# homemade mouse toys?



## kittygirl991

what the title sais, also, it might have been on this site, i saw a forum post listing everyones popsicle stick creations?


----------



## Frizzle

I made mine... a stick. I've been putting all my popsicles in a box, waiting for that day when I have a spurt of creativity.


----------



## moustress

Cardboard in all it's glory. So much to do, so little time. Egg cartons, cereal boxes, etc. etc. Papermache=edible toys.


----------



## Rhasputin

Braided strips of newspaper.

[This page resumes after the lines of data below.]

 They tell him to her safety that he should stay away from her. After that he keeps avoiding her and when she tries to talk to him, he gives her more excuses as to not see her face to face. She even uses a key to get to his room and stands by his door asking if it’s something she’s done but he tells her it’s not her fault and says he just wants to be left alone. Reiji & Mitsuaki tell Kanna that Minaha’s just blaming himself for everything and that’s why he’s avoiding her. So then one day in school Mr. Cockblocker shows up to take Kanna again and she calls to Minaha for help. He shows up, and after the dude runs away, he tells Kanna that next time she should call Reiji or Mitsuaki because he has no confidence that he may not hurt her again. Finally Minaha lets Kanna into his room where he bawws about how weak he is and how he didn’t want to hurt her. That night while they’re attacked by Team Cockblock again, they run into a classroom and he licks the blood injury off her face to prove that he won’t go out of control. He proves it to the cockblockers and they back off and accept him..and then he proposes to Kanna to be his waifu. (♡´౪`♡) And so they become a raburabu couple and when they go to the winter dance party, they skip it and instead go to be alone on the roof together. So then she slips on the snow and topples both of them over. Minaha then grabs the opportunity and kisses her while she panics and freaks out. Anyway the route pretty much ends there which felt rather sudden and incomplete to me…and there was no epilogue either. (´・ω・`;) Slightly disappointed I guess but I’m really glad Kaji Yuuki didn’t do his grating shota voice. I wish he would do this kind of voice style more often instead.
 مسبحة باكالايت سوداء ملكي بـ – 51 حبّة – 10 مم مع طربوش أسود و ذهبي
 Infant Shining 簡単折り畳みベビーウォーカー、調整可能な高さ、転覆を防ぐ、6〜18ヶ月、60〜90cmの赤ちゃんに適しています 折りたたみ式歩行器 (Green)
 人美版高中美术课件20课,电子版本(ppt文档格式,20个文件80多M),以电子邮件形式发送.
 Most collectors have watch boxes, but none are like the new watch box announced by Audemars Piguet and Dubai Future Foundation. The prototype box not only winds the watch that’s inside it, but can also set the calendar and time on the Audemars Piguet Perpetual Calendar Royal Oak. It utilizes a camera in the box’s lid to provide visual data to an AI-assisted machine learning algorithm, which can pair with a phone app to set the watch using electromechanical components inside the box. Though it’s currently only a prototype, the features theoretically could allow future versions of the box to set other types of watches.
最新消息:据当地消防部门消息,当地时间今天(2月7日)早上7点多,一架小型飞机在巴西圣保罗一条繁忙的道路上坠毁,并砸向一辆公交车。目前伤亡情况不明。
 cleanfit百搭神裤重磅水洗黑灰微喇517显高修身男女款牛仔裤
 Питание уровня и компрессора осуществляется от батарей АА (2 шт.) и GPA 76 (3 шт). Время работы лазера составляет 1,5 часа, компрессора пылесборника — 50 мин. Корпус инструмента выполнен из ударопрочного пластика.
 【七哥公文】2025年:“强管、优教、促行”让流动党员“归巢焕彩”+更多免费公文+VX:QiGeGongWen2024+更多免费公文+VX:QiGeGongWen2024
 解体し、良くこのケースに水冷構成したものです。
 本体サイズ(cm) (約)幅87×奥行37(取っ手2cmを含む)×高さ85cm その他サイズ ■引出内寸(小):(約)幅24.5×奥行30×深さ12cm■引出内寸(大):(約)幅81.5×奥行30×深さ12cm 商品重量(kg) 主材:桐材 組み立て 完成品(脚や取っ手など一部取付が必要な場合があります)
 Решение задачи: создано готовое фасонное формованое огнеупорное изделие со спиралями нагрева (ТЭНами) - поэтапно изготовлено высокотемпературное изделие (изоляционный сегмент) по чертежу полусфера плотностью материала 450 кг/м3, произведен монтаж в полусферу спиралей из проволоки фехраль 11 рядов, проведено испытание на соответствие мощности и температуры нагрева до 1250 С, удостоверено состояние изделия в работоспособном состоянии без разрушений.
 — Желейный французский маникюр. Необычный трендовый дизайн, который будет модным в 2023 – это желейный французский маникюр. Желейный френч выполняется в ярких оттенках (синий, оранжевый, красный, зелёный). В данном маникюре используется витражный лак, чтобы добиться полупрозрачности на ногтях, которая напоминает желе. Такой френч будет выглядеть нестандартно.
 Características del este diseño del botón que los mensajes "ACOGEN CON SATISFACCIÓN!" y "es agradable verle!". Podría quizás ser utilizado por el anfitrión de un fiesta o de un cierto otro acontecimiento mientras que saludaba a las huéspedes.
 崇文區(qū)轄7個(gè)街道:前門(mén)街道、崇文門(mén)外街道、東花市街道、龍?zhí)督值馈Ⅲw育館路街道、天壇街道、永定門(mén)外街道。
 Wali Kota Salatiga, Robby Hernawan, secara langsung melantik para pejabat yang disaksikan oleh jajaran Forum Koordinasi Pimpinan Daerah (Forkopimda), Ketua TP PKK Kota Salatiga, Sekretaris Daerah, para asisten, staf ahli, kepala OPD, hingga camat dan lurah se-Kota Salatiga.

Toilet paper tubes.


----------



## kittygirl991

... anything more fun/exiting?


----------



## Fraction

Not mice per se, but this website has a lot of ideas for homemade toys.


----------



## maddeh

I've got some mice currently living in an old aquarium, and had some trouble coming up with ideas to use the potential climbing space available.... but I found this: http://roborovskihamsters.webs.com/...14-made-a-second-story-for-my-robos?page=last and have since made my own version of it (will try and get a pic!) You can do so much with popsicle/lollipop sticks!


----------



## kittygirl991

thx


----------



## moustress

I buy used balsa wood boxes that were gift set containers at the thrift store. There's no end to the fun one can have with them. The meeces love to turn them to sawdust, and that's good for their teeth.

I've seen several meeces picking up the gallon jug lids I put moist foods in and carrying them while running, like dogs with a frisbee. they will do that with single sheets of TP too. *fuh-nee!*


----------



## kittygirl991

ive made a lovely lolly stick house/thing which i will post on another post


----------